One way to support the expanding undecided student group is to create multipronged efforts or holistic direct intervention advising programs/offices. In a review of multiple advising programs for undecided students, Stuart Hunter and Harwood (1994) found that exemplary programs emphasized self-reflection, information gathering, career investigation, and planning. This is consistent with the research of Beatty et al. (1983), which described the development of an advising program that included both dedicated/intrusive advising for undecided students and a specialized course focused on career development. Both provided opportunities for undecided students to develop skills of self-reflection, educational/career investigation, and decision-making, which the study implied was lacking in these students before the intervention (Beatty et al., 1983).
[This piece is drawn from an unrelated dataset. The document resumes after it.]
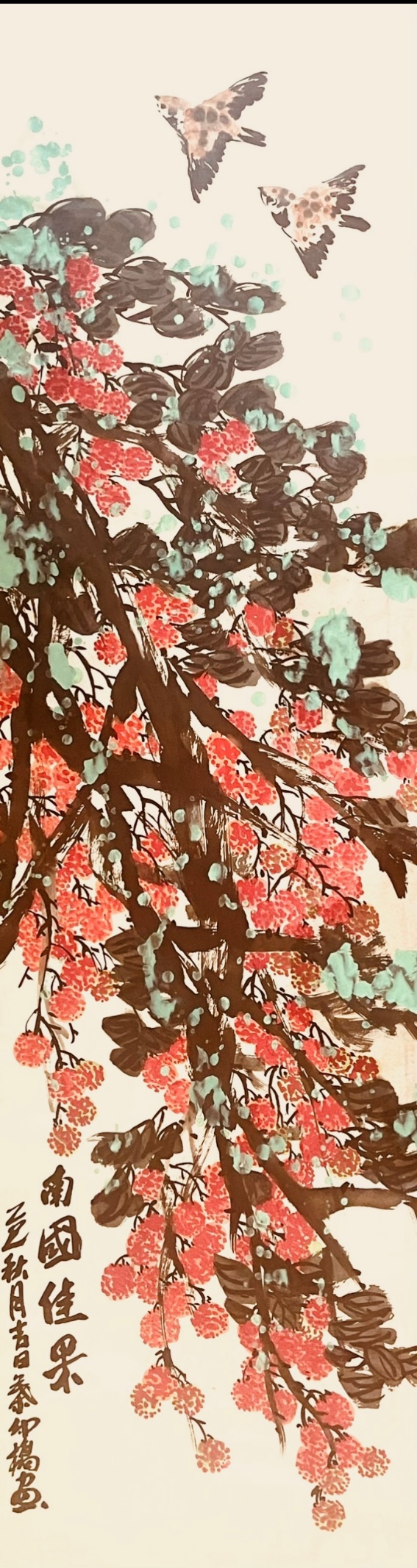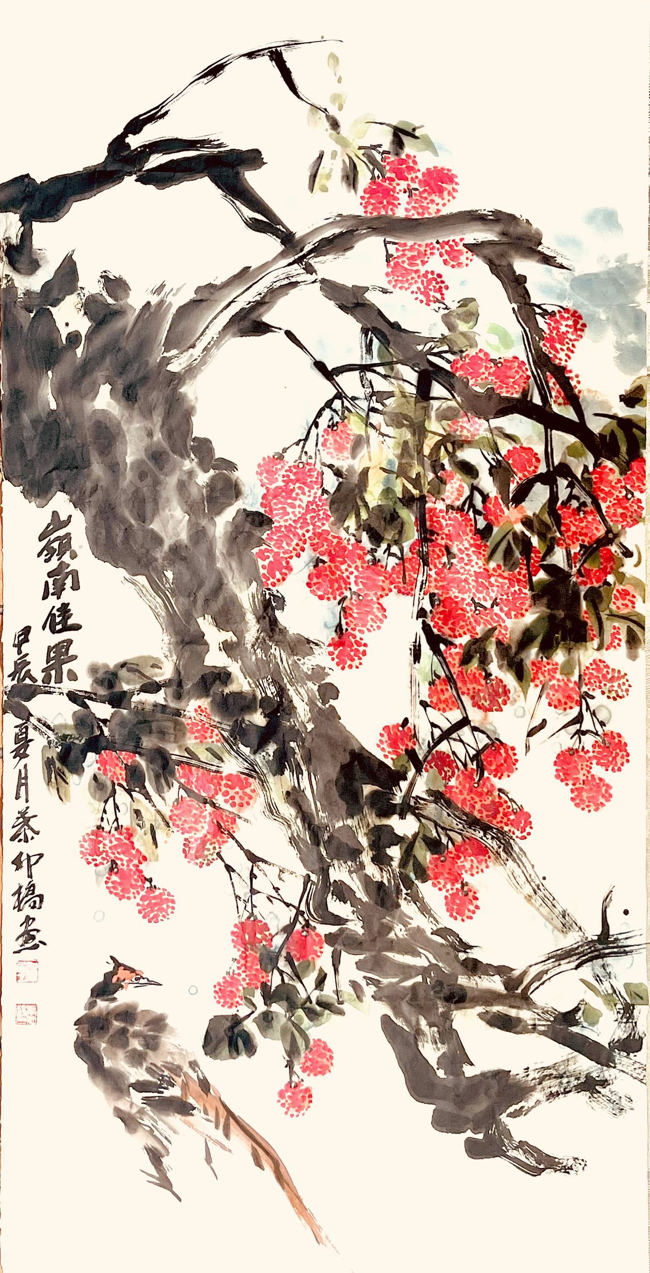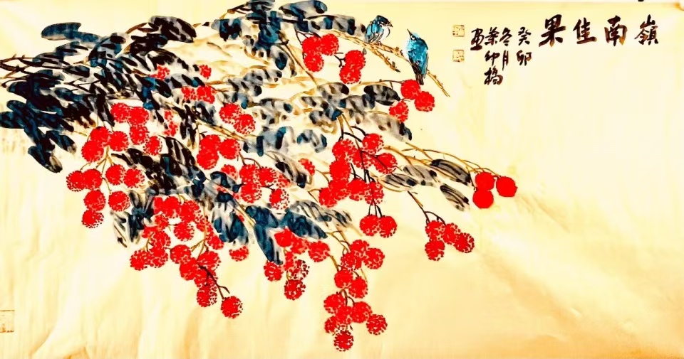 在全球化语境下,叶仲桥的荔枝艺术呈现出更为复杂的文化意义。作为西班牙皇家艺术家协会外籍会员和加拿大维多利亚皇家艺术学院客座教授,叶仲桥实际上扮演着中国文化使者的角色。他的荔枝画作不再仅是宣纸上的水墨,而成为了一种"文化翻译"的媒介——通过国际艺术界普遍理解的形式语言,传达中国特有的文化内涵与审美情趣。这种跨文化转译的成功,很大程度上得益于叶仲桥对传统国画语言的创新性运用。他打破了传统花鸟画的程式化表现,赋予荔枝以现代构成的张力与视觉冲击力,使其能够超越文化隔阂,引发普遍的情感共鸣。

Groccia and Harrity (1991) also described a program for undecided first-year students at a science/engineering technical institute that included a seminar, career resource library, and a job shadow experience. Program objectives were supported by data showing a majority of participating students declared majors after their first semester and were retained into second semester (Groccia & Harrity, 1991).

Gordon and Steele (1992) reviewed outcomes from a similar advising program, which included a combination of intrusive advising, group advising workshops, and a specially designed course to support upper-level students who needed to identify a new academic direction and were not progressing toward original academic goals. They argued that students who encounter academic or institutional barriers in pursuit of initial degree plans are often left to resolve issues independently and need dedicated intrusive advising programming. A later longitudinal study measured the program’s effectiveness and found that participating students were more likely to be retained and graduate (Steele et al., 1993). Additionally, student participants generally selected new degree pathways to which they realistically could be admitted, and most graduated with the new degree selection (Steele et al., 1993).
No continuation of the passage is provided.